Meditation is also not spacing out. The state of mind you’re in during meditation is alert, concentrated, sharp, and focused. It’s the level of attention you give Netflix while you’re enthralled in its stories: completely engaged.

You already know how to meditate

People often find it difficult to focus on the most common object of meditation, which is the breath. Our mind drifts, thinking of plans, regrets, the pain in our knees, or what’s for lunch. But in daily life, we’re able to focus—sometimes for hours—on objects besides the breath. When we desperately want something—a girl, a boy, an iPhone, an apartment, or a job—we can stay focused on that fantasy for hours without drifting.

And when we’re upset about something—feeling resentful, indignant, alone, or angry—we can also stay with the feeling for long stretches without drifting from it. This shows that we have the ability to focus single-pointedly so maybe all we need to do is change the object of focus.

But meditation isn’t just shifting the object of attention. How you think about the object of meditation is also important. When you’re focused on obsessive anger or desire, that’s not meditation, it’s rumination. 

Rumination is a state of mind where you’re not seeing the world or your mind clearly, where you’re exaggerating and obsessing. Your mind chases or flees objects, people, and ideas that don’t bring you satisfaction or peace. And some of these objects are even wholly imagined. Ruminating, we lose sight of the distance between our awareness and the object of our obsession. We effectively become our obsession, handing it the keys to our mind.

Meditation takes our natural power of attention and controls it. It directs us toward beneficial states of mind, and makes us fully self-aware, no longer overpowered by inaccurate, exaggerated craving, misery, or rage.

Meditating for the wrong reasons

It’s also possible to meditate for the wrong reasons. I’ve been meditating for about twenty years, but I think for long stretches of that time, I used the stabilizing effects of meditation to take on more activity and more stress, trying to achieve more in the world, and not necessarily for the altruistic benefit of all beings. I used the calming, stabilizing powers of meditation to heap on more activity and ramp up my pace.

So, I worry that some of the high-performing corporate executives and superstars who’ve taken on meditation may suffer from the same problem of using meditation to pile on more worldly stress, to achieve more and pursue more goals of limited value, while avoiding the moral reckoning as to whether this frenetic activity is truly fulfilling.
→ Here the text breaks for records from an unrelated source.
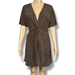 Show Me Your Mumu Womens Get Twisted Mini Dress V Neck Stretch Gold Black Medium
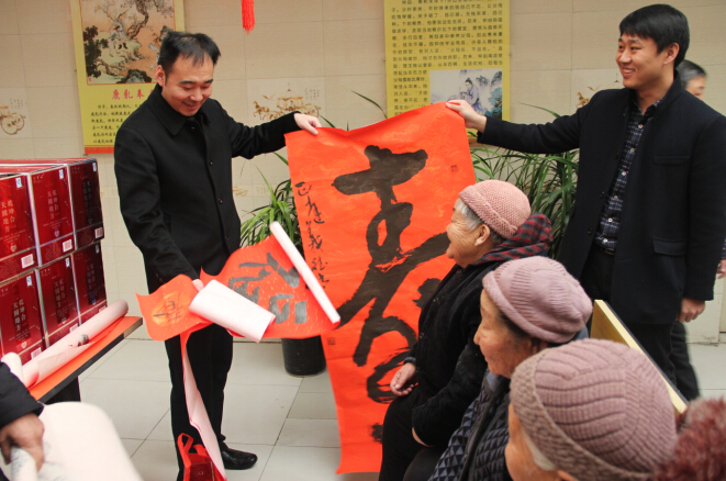 “酒香夢(mèng)甜 翰墨溢彩”。心心酒業(yè)聯(lián)合任城區(qū)民政局、任城區(qū)慈善總會(huì)、任城區(qū)書法家協(xié)會(huì),共同舉辦“迎新春送祝福大型系列文化敬老活動(dòng)”。
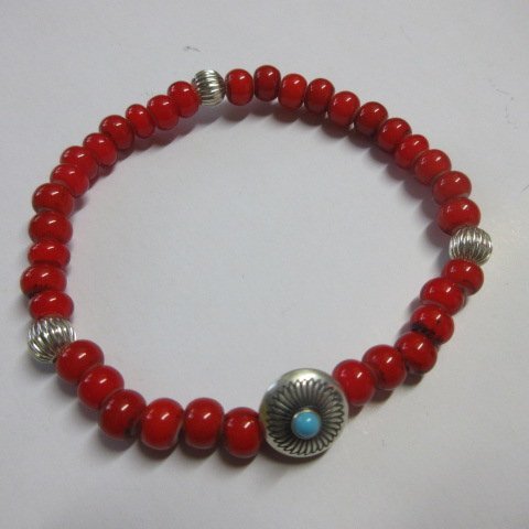 インディアン シルバーコンチョ L ブレスレット 赤ビーズ Msy3113L
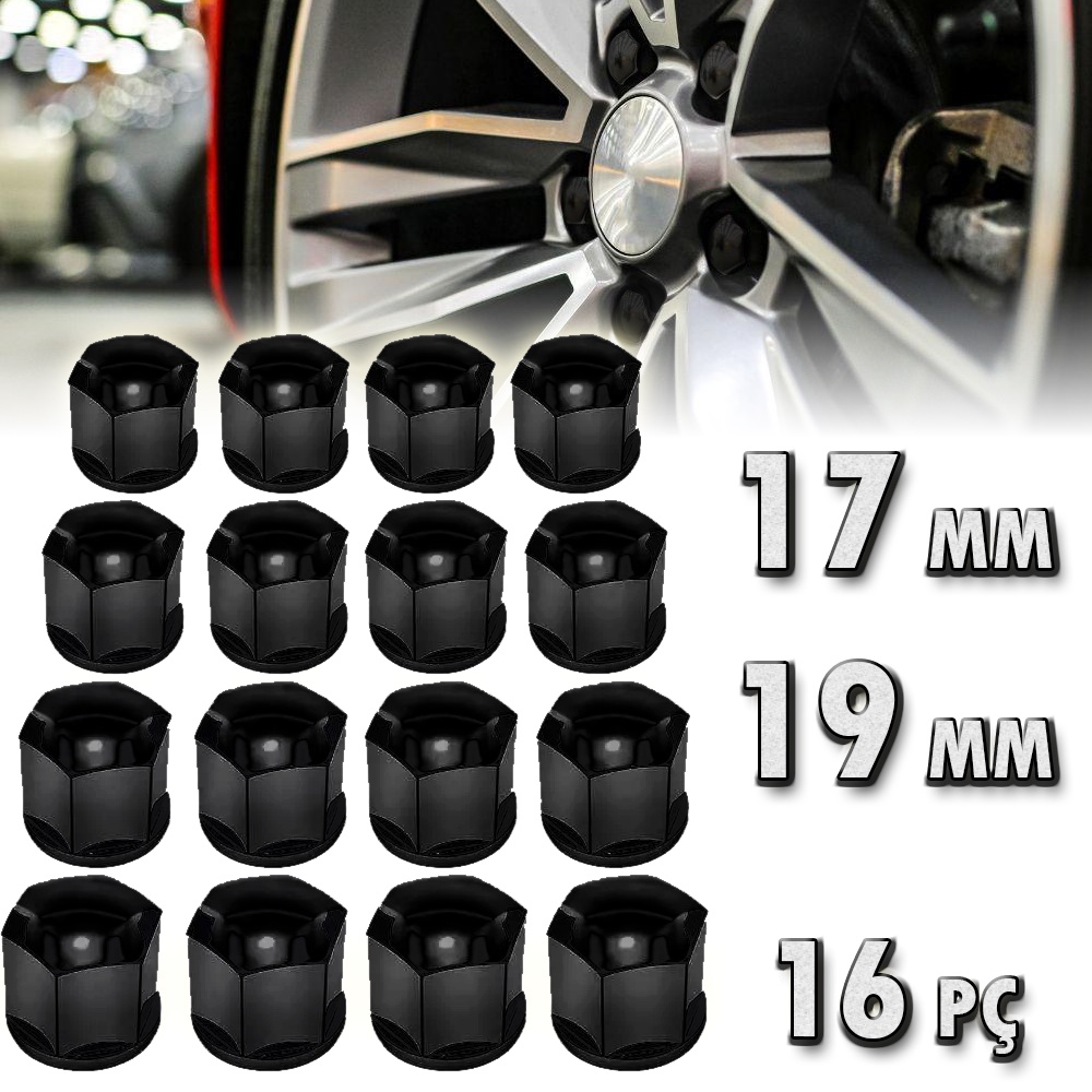 Jogo Capa Parafuso de Roda 16 Peças Preto 17mm ou 19mm Liso - Escolha.
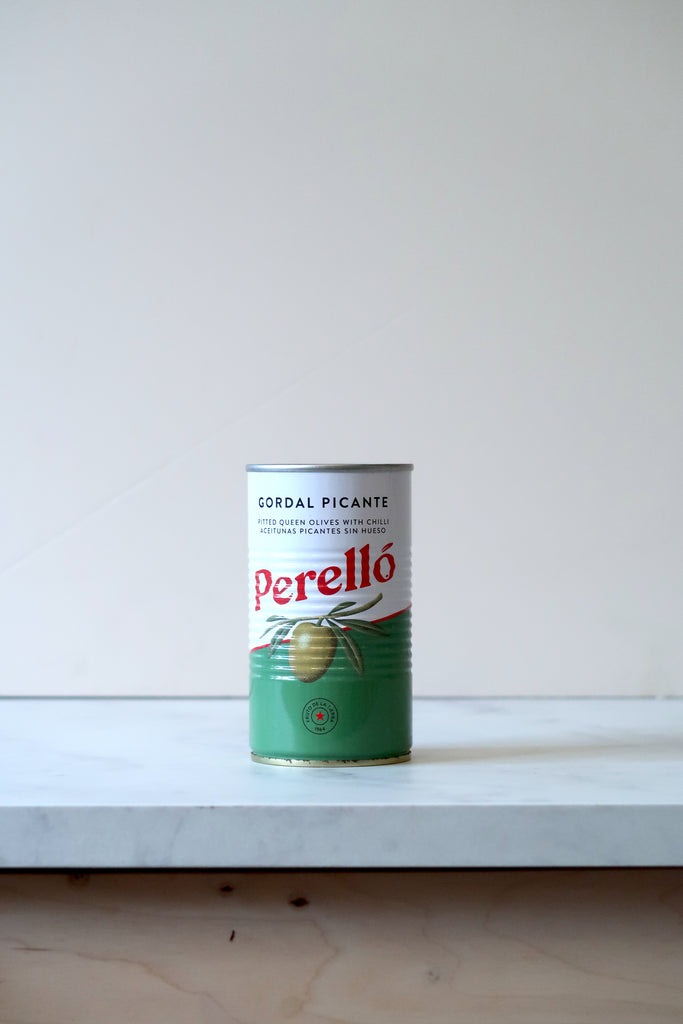 These Gordal olives are green, crisp and fleshy with a touch of heat from the guindilla chillies in the marinade.

Even the military is using meditation now, to train the attention of soldiers so they can dispassionately maintain focus instead of panicking about killing another human being. Meditation isn’t necessarily virtuous.

When I consider this way of meditating—of becoming more focused and effective in one’s mundane or even harmful actions—I think of my favorite Star Wars movie, The Empire Strikes Back. (And I really didn’t intend to put two Star Wars references in this episode, but please stay with me). 
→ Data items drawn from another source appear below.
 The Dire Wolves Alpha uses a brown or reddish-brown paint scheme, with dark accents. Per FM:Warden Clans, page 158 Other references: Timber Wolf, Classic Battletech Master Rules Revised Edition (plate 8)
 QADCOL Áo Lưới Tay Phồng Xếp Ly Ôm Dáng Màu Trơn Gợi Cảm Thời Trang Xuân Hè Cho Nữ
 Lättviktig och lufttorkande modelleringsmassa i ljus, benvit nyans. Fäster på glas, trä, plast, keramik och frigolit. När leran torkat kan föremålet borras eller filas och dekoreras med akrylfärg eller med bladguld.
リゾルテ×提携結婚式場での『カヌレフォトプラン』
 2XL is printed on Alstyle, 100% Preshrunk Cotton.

In Empire, Darth Vader is constantly meditating. He’s meditating more than he’s killing or piloting a spaceship. He has this giant, shiny black egg that opens like a lotus, and there he sits cross-legged in shiny plastic body armor becoming one with The Force, meditating on evil. And he’s definitely got the breath thing going for him.

You don’t want to be like Darth Vader.

Have a good motivation for your meditation: to weaken your disturbing states of mind and to cultivate the beneficial ones; to bring joy to others and ease others’ pain; to see the fleeting nature of life and to make the most of it; and to find meaning and happiness in simply being alive and aware in the present moment.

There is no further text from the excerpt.